A gentle hissing emerges from the wire of nozzles hanging from the branches above me. Billowing clouds of fog drift to the ground, obscuring everything in a thick white vapor. I glance behind me and see the fog wrapping its tendrils around the trees and skating across the calm water. Every person I pass, as the fog settled, has the same face filled with laughter and pure childlike joy that many of us have not experienced in so long.
This whimsical and mesmerizing display of fog is the creation of 85-year-old Japanese artist Fujiko Nakaya who has pioneered this art style of fog sculpture, her first at the 1970 World Exposition in Osaka. Nakaya was inspired by her father and his work in glaciology and snow crystal photography. She continued her father’s artistic work employing water that brings a sense of wonder in everyday weather patterns.
Nakaya’s experimental artwork has dazzled people globally for decades and now, from August 11 to October 31, her works are in Boston as part of the 20th anniversary of the Emerald Necklace Conservancy.
“The Emerald Necklace Conservancy’s role is to promote, preserve, and restore the parks created by Frederick Olmstead Law,” says Judy MacNeill, a volunteer at Emerald Necklace Conservancy. She will have been with the Conservancy for 9 years this spring. “Nakaya’s art exhibit helps promote the Emerald Necklace by bringing awareness to Olmstead and his art.”

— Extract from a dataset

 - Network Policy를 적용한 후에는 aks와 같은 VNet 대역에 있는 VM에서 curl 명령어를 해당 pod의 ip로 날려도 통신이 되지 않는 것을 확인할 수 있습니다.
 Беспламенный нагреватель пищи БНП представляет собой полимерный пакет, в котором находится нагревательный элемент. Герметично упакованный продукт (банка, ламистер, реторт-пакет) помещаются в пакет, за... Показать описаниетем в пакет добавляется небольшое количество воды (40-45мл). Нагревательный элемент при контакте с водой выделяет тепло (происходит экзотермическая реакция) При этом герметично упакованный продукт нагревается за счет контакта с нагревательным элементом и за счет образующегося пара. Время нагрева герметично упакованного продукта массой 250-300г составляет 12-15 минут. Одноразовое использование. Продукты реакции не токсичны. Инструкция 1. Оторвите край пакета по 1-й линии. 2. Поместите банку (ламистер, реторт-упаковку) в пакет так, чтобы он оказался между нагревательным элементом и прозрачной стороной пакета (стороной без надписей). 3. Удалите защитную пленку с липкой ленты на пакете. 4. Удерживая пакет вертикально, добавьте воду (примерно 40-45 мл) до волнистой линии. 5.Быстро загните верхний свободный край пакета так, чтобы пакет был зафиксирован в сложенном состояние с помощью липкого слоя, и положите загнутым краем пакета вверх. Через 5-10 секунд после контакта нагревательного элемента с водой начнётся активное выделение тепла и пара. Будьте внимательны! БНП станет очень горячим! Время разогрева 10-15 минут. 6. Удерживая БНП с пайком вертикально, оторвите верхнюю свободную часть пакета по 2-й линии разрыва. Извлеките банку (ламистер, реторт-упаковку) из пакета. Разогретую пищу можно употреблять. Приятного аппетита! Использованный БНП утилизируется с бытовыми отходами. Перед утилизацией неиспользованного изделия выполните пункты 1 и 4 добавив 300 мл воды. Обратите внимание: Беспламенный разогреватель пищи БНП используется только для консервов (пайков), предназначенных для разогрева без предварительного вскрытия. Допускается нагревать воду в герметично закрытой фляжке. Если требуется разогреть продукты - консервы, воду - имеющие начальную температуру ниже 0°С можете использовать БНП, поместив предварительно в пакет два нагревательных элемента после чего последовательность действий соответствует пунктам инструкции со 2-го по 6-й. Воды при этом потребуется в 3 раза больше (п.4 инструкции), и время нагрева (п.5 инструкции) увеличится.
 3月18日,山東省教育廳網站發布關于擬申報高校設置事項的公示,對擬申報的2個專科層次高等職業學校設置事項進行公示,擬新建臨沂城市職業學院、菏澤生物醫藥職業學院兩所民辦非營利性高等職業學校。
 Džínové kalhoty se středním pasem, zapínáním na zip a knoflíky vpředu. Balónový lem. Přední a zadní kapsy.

In Fog x Flo: Fujiko Nakaya on the Emerald Necklace, Nakaya’s art responds to the environment surrounding it, paying homage to Frederick Law Olmstead’s landscape design of the Emerald Necklace. Like Olmstead, a preservationist and landscape artist who designed parks like Central Park in New York City, Nakaya wishes to enhance the beauty of the parks rather than distract from it.

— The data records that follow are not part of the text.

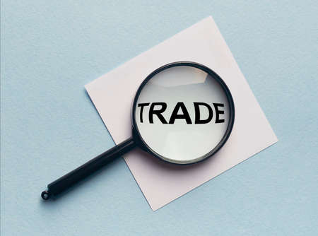 TRADE word on paper through magnifying glass on blue table. white and black colors
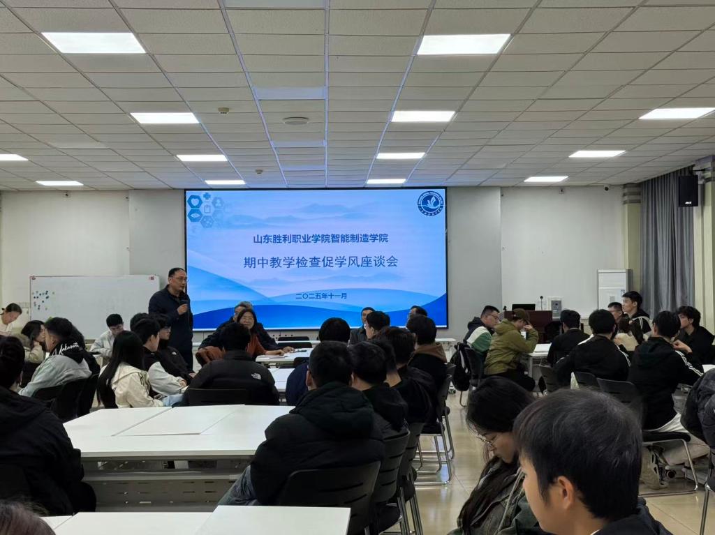 为强化学风建设、助力学生早日成材,山东胜利职业学院智能制造学院于2025年11月12日、13、16日连续三天召开期中教学检查“促学风 助成才”座谈会。座谈会聚焦学生学业发展核心需求,围绕课堂教学质量提升、专升本备考规划、技能证书获取路径及就业创业指导等议题展开深入探讨,旨在通过倾听学生心声,了解学生诉求,推动“以学生为中心”的教育理念落地。
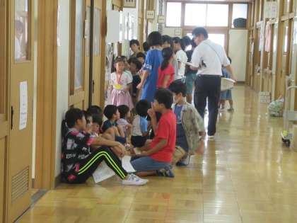 6年生が、着替えを手伝ったり、「静かにしてね」と優しく注意したりする姿がすてきです。
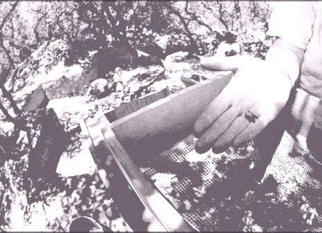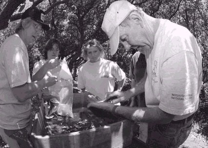 (Below) Dr. phelps examines objects which surface in a sifter, while discussing the findings.
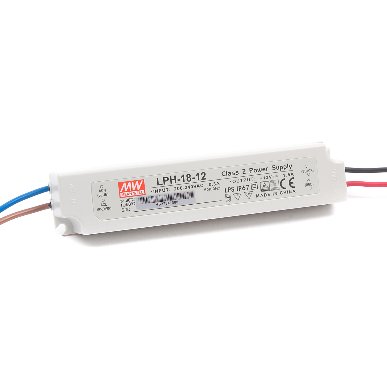 AC-DC, 18Вт, IP67, вход 90…132В AC, выход 24В/0,75A,изоляция 3000В AC, в кожухе 140х30х20мм, -30…+70°С
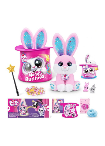 Пориньте у дивовижний світ магії та фокусів з інтерактивним ігровим набором PETS ALIVE S1 КРОЛИК-ЧАРІВНИК! Він подарує незабутні та яскраві емоції і звичайно ж не обійдеться без приємних сюрпризів! Нумо паличку візьміть й до капелюха прикладіть, проте не будь-де, а до зірки, яка блищить по серединці! Приготуйтеся відкрити для себе понад 20 різноманітних чарівних функцій! Барвисте блимання вушок, захопливі фокуси, магічні фрази та казкові мелодії разом створюють неймовірну атмосферу магії, наповнену дивацтвами і приємними сюрпризами! Не засмучуйтесь, якщо з першого разу капелюх не відкрився. Про це чарівні вушка повідомлять червоним блиманням і відповідною мелодією, тому пробуйте знову і знову! Будьте напоготові, адже у будь-який момент вушка можуть засвітитися зеленим кольором і пролунає мила мелодія. Це означатиме, що магія спрацювала! Приготуйтеся, бо до появи загадкового кролика залишились лічені моменти! Його вушка замиготять веселковими переливами та пролунає барабанний дріб. Різко смикніть за м які вушка, притримуючи капелюх, і вуаля! Під святковий феєрверк з конфетті та шквал оплесків кролик вже у ваших руках! Кожного разу, торкаючись його носика чарівною паличкою, лунатимуть три різні мелодії та магічні фрази, а вушка змінюватимуть колір дивовижним чином. Кролик-чарівник з м яким хутром, блискучими великими очима, гарнесенькими маленькими лапками й пухнастим куцим хвостиком! Проте це ще не всі сюрпризи! Торкніться чарівною паличкою золотавої зірочки всередині капелюха, щоб відчинити потаємну кишеньку, де ви знайдете від 2-х до 4-х маленьких чарівних помічників кроликів з чарівними властивостями сріблястого, блакитного чи рожевого кольорів. Кожен маленький помічник відповідного кольору має свої властивості: сріблястий може світитися у темряві, рожевий змінювати забарвлення у холодній воді, а блакитний змінювати колір під впливом сонячних променів. А також, усі маленькі помічники можуть перетворитися на топпер для олівця або до ручки. На дні капелюха є ще цікаві несподіванки! Це пухкеньке тісто для ліпки бузкового, блакитного або білого кольору й аркуш з наліпками. Усі аксесуари можуть світитися у темряві! В асортименті 2 кролики-чарівники: білий і рожевий! Зберіть їх усіх і обов язково відмічайте їх у колекційному листі, який також є у наборі! Кожен з них має свою нашийну бірку, де можна записати ім я і дату народження свого магічного улюбленця. Живлення: 3 батарейки типу ААА (входять у комплект) До комплекту входять: 1 іграшка; аксесуари; інструкція. Іграшка розвиває уміння гратися, збагачує уяву й сприяє емоційному розвитку. Рекомендовано для дітей віком від 3 років.
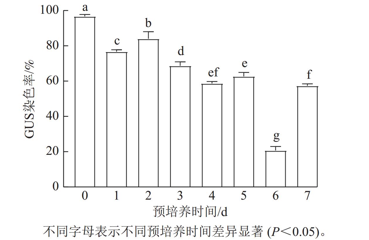 植物遗传转化是分子育种的关键步骤[78],不仅可用于鉴定基因功能,还可以用于改良植物品种的短板性状,尤其适用于育种世代周期较长的树种,实现其目标性状的遗传改良[9]。预培养时间是遗传转化研究中讨论较多的影响因素之一。有研究表明:处于分裂期或代谢活跃期的“感受态细胞”更容易被根癌农杆菌Agrobacterium tumefaciens感染而转化。预培养有利于外植体在切口处形成微愈伤,改变其生理生化状态,促进受体细胞分裂,提高细胞代谢活性,易于整合外源DNA,提高转化率[10]。预培养时间过短,细胞未进入最佳分化阶段;预培养时间过长,外植体伤口会产生保护层,阻碍农杆菌与分裂细胞的接触,因此,适宜的预培养时间可显著提高农杆菌转化效率[11]。一般1~4 d的预培养时间较为适宜[12]。此外预培养时间的长短与物种和外植体类型有关,石榴Punica granatum嫩茎为受体材料时,遗传转化过程中预培养3 d的转化率最高[11]。香蕉Musa nana最佳的预培养时间为1 d,转化效率最高达6.87%[13]
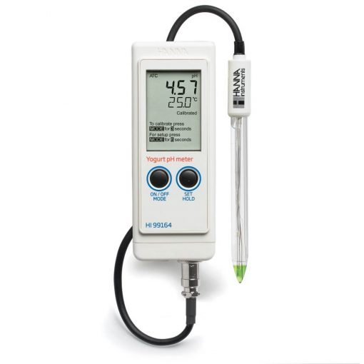 HI99164, yoğurt analizi için özel olarak tasarlanmış dayanıklı, su geçirmez ve taşınabilir bir Foodcare pH ve sıcaklık ölçerdir.

The installation at the Back Bay Fens, called Fog x Canopy, is one of five locations of the Fog x FLO exhibit and appears every hour and half hour from 8 a.m. to 7 p.m.
“This exhibit is truly amazing,” says Hannah Kitchel. She and her friend Jessica Cooper, both graduate students at Boston University, came to visit the art exhibit. “It was unlike any other art experience I’ve ever had. It interacted with the water and the trees and our immediate surroundings.”

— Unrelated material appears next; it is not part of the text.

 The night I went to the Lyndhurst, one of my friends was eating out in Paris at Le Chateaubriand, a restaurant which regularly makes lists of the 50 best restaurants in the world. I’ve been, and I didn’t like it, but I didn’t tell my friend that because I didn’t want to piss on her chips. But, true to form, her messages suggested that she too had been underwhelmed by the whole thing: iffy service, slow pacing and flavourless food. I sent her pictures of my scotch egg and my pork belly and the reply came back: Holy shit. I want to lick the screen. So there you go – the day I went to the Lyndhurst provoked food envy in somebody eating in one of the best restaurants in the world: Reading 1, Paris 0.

According to the Emerald Necklace Conservancy website, Nakaya considers fog to be “the most generous medium” in that it allows for endless interaction and collaboration that extends its beauty into all forms of media. The Emerald Necklace Conservancy, as a result, has a full schedule of “fog performances” in which artists working in media ranging from dance to light shows, music to visual art can perform alongside the fog sculpture.
Artists in any media are welcome to perform alongside Nakaya’s fog sculptures. The Emerald Necklace Conservancy is accepting proposals that “will inspire and enhance from a broad appreciation of these natural settings.” Grant support for performances range from $500 to $2000 and will be awarded for inspiring content, promising impact, and demonstrated need.